Nelson Mandela’s granddaughter, Nandi Mandela, is named in court papers as being involved in the alleged scam because she is a director of the consultancy hired by the eThekwini Municipality and the provincial Department of Transport to do the allocation.
In a “structured interdict”, Judge Themba Sishi also wants reports every three months on the conditions in a nearby transit camp, to where those who lost out on the formal houses are now being forced to move because their shack settlement is in the path of the construction of a major arterial road.
And he has ordered the municipality to provide permanent housing to those affected in a year.
The issue was raised late last year when the transport department brought an urgent application to evict the 50 families who live in the Siyanda settlement in KwaDabeka so that their homes could be bulldozed to make way for the R550 million MR577 which will cross the Mgeni River to link Inanda and Pinetown.
The residents fought back. They said that they had been promised brick, “better-than-RDP” houses at the nearby Khulula formal housing estate by Mandela’s Linda Masinga and Associates in 2005.
They said that those houses had now been given to “outsiders”- a fact conceded by Mandela – and they were now being forced to move to an “unsightly and uninhabitable” transit camp about 1.5km away.
They said transit camps were like concentration camps with razor-wire fencing, spotlights, single entrances and 24-hour police guards.
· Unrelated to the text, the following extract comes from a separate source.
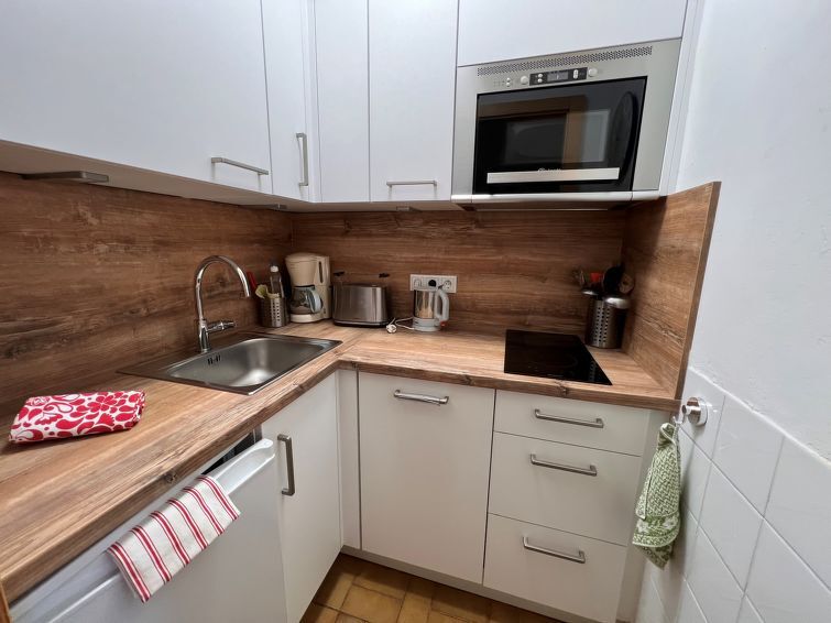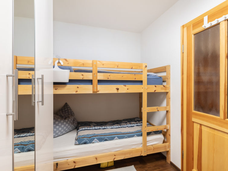 "Appartement Andrea", appartement 2-kamers 39 m2 op de 4e verdieping. Licht, mooi en gezellig ingericht: hal. Woon-/slaapkamer met 1 2-pers divanbed en Sat-TV (Flatscreen TV), radio. Uitgang naar het balkon. 1 kamer met 2 x 2 stapelbedden (90 cm, lengte 190 cm). Kleine keuken (afwasmachine, 2 keramische glas kookplaten, broodrooster, waterkoker, elektrische koffiemachine, combimagnetron). Douche/WC. Balkon. Balkonmeubilair. Zeer mooi uitzicht op de bergen en het landschap. Ter beschikking: Internet (WiFi, gratis). Parkeerplaats (1 Auto). Geschikt voor families. Niet rokers woning. 1 huisdier/hond toegestaan. Rookmelders, brandblusser. Pas gerenoveerde badkamer! 50415-006726-2020

Residents were often highly controlled in these places, as if they were in prisons.
They would be forced to live in containers with no access to decent amenities, and would then simply “fall off the radar” and be forgotten, like others who had been forced to move to such camps.
While the shack dwellers were refusing to move, Durban’s Legal Resources Centre drafted new court papers suggesting the “structured interdict”.
At a hearing in the judge’s chambers on Friday, the interdict was made an order of court with the consent of the transport department. Although named as a party to the proceedings, the municipality remained silent on the issue.
In terms of the order, the Siyanda families agreed to move to the camp by March 17.
S’bu Zikode, of shack dwellers’ movement Abahlali baseMjondolo, which supported the residents in their court battle, said the state’s compliance with the orders would be monitored.
“We also insist that the investigation into corruption must be done independently,” he said. “This is major progress. There is now judicial oversight over the camps and claims of corruption.”
However, he said, problems were already looming because a site visit to the camp at the weekend had revealed that there were only 23 rooms available for the 50 families, no clean running water, and blocked toilets, despite assurances given to the judge by transport department lawyers.
“The judge was given wrong information. We will be contacting our lawyers on Monday to discuss the way forward,” said Zikode.